▸ Data section
┄┄┄┄┄┄┄┄┄┄┄┄┄┄┄┄┄┄┄┄
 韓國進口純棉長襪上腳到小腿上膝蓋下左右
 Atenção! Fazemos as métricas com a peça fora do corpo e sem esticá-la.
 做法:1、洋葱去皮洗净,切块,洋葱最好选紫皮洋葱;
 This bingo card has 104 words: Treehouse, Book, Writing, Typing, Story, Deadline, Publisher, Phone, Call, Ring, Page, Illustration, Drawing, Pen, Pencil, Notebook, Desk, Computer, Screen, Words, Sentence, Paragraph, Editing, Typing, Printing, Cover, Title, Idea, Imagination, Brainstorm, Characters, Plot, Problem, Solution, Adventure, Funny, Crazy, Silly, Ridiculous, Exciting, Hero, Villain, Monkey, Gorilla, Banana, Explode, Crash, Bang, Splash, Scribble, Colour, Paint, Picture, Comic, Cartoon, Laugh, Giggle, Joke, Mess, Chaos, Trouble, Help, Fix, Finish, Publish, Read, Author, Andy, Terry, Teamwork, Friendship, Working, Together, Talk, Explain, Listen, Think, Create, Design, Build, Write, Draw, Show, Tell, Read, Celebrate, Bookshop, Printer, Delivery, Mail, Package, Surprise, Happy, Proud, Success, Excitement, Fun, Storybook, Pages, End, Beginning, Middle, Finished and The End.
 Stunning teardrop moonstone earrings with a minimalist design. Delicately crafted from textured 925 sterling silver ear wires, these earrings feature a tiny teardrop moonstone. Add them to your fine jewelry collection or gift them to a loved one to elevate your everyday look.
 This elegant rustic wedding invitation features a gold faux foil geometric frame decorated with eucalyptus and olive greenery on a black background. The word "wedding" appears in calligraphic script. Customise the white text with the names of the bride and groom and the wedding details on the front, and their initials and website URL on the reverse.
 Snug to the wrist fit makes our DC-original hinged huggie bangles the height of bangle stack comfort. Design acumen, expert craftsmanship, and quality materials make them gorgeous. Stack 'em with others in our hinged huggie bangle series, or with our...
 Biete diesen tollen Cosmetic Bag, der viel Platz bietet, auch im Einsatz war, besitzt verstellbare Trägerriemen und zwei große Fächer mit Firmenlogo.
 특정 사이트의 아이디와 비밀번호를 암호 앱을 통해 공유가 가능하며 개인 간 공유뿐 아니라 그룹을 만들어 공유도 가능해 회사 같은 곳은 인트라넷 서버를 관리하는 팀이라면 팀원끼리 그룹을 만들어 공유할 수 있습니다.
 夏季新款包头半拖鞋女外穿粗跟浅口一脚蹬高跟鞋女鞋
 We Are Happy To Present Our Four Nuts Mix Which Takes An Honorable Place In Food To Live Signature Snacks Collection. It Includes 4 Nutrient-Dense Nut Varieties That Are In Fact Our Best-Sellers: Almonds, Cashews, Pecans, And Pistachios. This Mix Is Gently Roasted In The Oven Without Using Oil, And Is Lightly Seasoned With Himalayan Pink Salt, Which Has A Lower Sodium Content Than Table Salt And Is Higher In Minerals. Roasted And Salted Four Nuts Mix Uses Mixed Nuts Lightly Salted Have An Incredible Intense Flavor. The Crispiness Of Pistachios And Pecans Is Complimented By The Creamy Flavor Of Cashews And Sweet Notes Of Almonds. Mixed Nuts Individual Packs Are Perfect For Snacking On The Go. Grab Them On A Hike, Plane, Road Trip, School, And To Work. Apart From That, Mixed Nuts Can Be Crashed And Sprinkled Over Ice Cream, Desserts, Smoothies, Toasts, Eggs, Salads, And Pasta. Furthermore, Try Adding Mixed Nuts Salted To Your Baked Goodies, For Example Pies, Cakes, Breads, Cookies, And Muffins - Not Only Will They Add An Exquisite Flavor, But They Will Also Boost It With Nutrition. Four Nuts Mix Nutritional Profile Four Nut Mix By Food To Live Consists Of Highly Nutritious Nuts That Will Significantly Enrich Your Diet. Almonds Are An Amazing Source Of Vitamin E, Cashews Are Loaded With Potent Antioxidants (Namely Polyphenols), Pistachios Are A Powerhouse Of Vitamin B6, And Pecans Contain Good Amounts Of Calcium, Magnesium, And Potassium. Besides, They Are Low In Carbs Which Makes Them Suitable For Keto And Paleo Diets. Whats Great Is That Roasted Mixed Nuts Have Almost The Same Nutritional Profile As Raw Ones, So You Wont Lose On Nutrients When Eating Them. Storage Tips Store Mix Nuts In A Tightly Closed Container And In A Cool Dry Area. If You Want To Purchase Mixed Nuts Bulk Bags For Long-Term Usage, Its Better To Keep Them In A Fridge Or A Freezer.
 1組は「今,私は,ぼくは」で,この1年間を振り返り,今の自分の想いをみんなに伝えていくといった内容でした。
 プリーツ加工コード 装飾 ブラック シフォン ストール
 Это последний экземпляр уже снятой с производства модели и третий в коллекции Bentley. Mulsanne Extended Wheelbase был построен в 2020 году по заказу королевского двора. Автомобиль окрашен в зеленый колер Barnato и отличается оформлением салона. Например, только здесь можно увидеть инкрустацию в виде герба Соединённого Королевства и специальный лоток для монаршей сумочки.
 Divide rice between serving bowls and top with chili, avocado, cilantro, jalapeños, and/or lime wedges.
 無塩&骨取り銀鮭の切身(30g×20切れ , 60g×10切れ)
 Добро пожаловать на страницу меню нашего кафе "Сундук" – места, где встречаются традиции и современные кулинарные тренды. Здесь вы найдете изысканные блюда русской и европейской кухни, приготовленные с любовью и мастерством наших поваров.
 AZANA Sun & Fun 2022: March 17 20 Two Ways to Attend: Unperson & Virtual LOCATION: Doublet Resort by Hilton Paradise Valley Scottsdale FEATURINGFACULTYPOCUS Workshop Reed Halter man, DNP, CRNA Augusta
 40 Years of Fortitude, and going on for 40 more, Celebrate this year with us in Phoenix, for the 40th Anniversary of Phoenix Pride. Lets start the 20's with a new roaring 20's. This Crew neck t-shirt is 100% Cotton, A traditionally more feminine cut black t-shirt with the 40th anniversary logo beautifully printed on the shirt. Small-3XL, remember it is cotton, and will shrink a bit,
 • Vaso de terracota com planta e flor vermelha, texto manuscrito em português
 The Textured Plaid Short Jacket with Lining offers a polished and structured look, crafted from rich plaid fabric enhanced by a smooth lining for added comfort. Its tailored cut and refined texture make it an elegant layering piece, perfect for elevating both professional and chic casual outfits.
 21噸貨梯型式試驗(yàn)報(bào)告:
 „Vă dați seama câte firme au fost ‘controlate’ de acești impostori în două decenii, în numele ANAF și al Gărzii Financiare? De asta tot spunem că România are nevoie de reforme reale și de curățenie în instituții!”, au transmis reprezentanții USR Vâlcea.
┄┄┄┄┄┄┄┄┄┄┄┄┄┄┄┄┄┄┄┄
▸ Exercise directions
All the records, as written, must be given again.

▸ Result of the task
 韓國進口純棉長襪上腳到小腿上膝蓋下左右
 Atenção! Fazemos as métricas com a peça fora do corpo e sem esticá-la.
 做法:1、洋葱去皮洗净,切块,洋葱最好选紫皮洋葱;
 This bingo card has 104 words: Treehouse, Book, Writing, Typing, Story, Deadline, Publisher, Phone, Call, Ring, Page, Illustration, Drawing, Pen, Pencil, Notebook, Desk, Computer, Screen, Words, Sentence, Paragraph, Editing, Typing, Printing, Cover, Title, Idea, Imagination, Brainstorm, Characters, Plot, Problem, Solution, Adventure, Funny, Crazy, Silly, Ridiculous, Exciting, Hero, Villain, Monkey, Gorilla, Banana, Explode, Crash, Bang, Splash, Scribble, Colour, Paint, Picture, Comic, Cartoon, Laugh, Giggle, Joke, Mess, Chaos, Trouble, Help, Fix, Finish, Publish, Read, Author, Andy, Terry, Teamwork, Friendship, Working, Together, Talk, Explain, Listen, Think, Create, Design, Build, Write, Draw, Show, Tell, Read, Celebrate, Bookshop, Printer, Delivery, Mail, Package, Surprise, Happy, Proud, Success, Excitement, Fun, Storybook, Pages, End, Beginning, Middle, Finished and The End.
 Stunning teardrop moonstone earrings with a minimalist design. Delicately crafted from textured 925 sterling silver ear wires, these earrings feature a tiny teardrop moonstone. Add them to your fine jewelry collection or gift them to a loved one to elevate your everyday look.
 This elegant rustic wedding invitation features a gold faux foil geometric frame decorated with eucalyptus and olive greenery on a black background. The word "wedding" appears in calligraphic script. Customise the white text with the names of the bride and groom and the wedding details on the front, and their initials and website URL on the reverse.
 Snug to the wrist fit makes our DC-original hinged huggie bangles the height of bangle stack comfort. Design acumen, expert craftsmanship, and quality materials make them gorgeous. Stack 'em with others in our hinged huggie bangle series, or with our...
 Biete diesen tollen Cosmetic Bag, der viel Platz bietet, auch im Einsatz war, besitzt verstellbare Trägerriemen und zwei große Fächer mit Firmenlogo.
 특정 사이트의 아이디와 비밀번호를 암호 앱을 통해 공유가 가능하며 개인 간 공유뿐 아니라 그룹을 만들어 공유도 가능해 회사 같은 곳은 인트라넷 서버를 관리하는 팀이라면 팀원끼리 그룹을 만들어 공유할 수 있습니다.
 夏季新款包头半拖鞋女外穿粗跟浅口一脚蹬高跟鞋女鞋
 We Are Happy To Present Our Four Nuts Mix Which Takes An Honorable Place In Food To Live Signature Snacks Collection. It Includes 4 Nutrient-Dense Nut Varieties That Are In Fact Our Best-Sellers: Almonds, Cashews, Pecans, And Pistachios. This Mix Is Gently Roasted In The Oven Without Using Oil, And Is Lightly Seasoned With Himalayan Pink Salt, Which Has A Lower Sodium Content Than Table Salt And Is Higher In Minerals. Roasted And Salted Four Nuts Mix Uses Mixed Nuts Lightly Salted Have An Incredible Intense Flavor. The Crispiness Of Pistachios And Pecans Is Complimented By The Creamy Flavor Of Cashews And Sweet Notes Of Almonds. Mixed Nuts Individual Packs Are Perfect For Snacking On The Go. Grab Them On A Hike, Plane, Road Trip, School, And To Work. Apart From That, Mixed Nuts Can Be Crashed And Sprinkled Over Ice Cream, Desserts, Smoothies, Toasts, Eggs, Salads, And Pasta. Furthermore, Try Adding Mixed Nuts Salted To Your Baked Goodies, For Example Pies, Cakes, Breads, Cookies, And Muffins - Not Only Will They Add An Exquisite Flavor, But They Will Also Boost It With Nutrition. Four Nuts Mix Nutritional Profile Four Nut Mix By Food To Live Consists Of Highly Nutritious Nuts That Will Significantly Enrich Your Diet. Almonds Are An Amazing Source Of Vitamin E, Cashews Are Loaded With Potent Antioxidants (Namely Polyphenols), Pistachios Are A Powerhouse Of Vitamin B6, And Pecans Contain Good Amounts Of Calcium, Magnesium, And Potassium. Besides, They Are Low In Carbs Which Makes Them Suitable For Keto And Paleo Diets. Whats Great Is That Roasted Mixed Nuts Have Almost The Same Nutritional Profile As Raw Ones, So You Wont Lose On Nutrients When Eating Them. Storage Tips Store Mix Nuts In A Tightly Closed Container And In A Cool Dry Area. If You Want To Purchase Mixed Nuts Bulk Bags For Long-Term Usage, Its Better To Keep Them In A Fridge Or A Freezer.
 1組は「今,私は,ぼくは」で,この1年間を振り返り,今の自分の想いをみんなに伝えていくといった内容でした。
 プリーツ加工コード 装飾 ブラック シフォン ストール
 Это последний экземпляр уже снятой с производства модели и третий в коллекции Bentley. Mulsanne Extended Wheelbase был построен в 2020 году по заказу королевского двора. Автомобиль окрашен в зеленый колер Barnato и отличается оформлением салона. Например, только здесь можно увидеть инкрустацию в виде герба Соединённого Королевства и специальный лоток для монаршей сумочки.
 Divide rice between serving bowls and top with chili, avocado, cilantro, jalapeños, and/or lime wedges.
 無塩&骨取り銀鮭の切身(30g×20切れ , 60g×10切れ)
 Добро пожаловать на страницу меню нашего кафе "Сундук" – места, где встречаются традиции и современные кулинарные тренды. Здесь вы найдете изысканные блюда русской и европейской кухни, приготовленные с любовью и мастерством наших поваров.
 AZANA Sun & Fun 2022: March 17 20 Two Ways to Attend: Unperson & Virtual LOCATION: Doublet Resort by Hilton Paradise Valley Scottsdale FEATURINGFACULTYPOCUS Workshop Reed Halter man, DNP, CRNA Augusta
 40 Years of Fortitude, and going on for 40 more, Celebrate this year with us in Phoenix, for the 40th Anniversary of Phoenix Pride. Lets start the 20's with a new roaring 20's. This Crew neck t-shirt is 100% Cotton, A traditionally more feminine cut black t-shirt with the 40th anniversary logo beautifully printed on the shirt. Small-3XL, remember it is cotton, and will shrink a bit,
 • Vaso de terracota com planta e flor vermelha, texto manuscrito em português
 The Textured Plaid Short Jacket with Lining offers a polished and structured look, crafted from rich plaid fabric enhanced by a smooth lining for added comfort. Its tailored cut and refined texture make it an elegant layering piece, perfect for elevating both professional and chic casual outfits.
 21噸貨梯型式試驗(yàn)報(bào)告:
 „Vă dați seama câte firme au fost ‘controlate’ de acești impostori în două decenii, în numele ANAF și al Gărzii Financiare? De asta tot spunem că România are nevoie de reforme reale și de curățenie în instituții!”, au transmis reprezentanții USR Vâlcea.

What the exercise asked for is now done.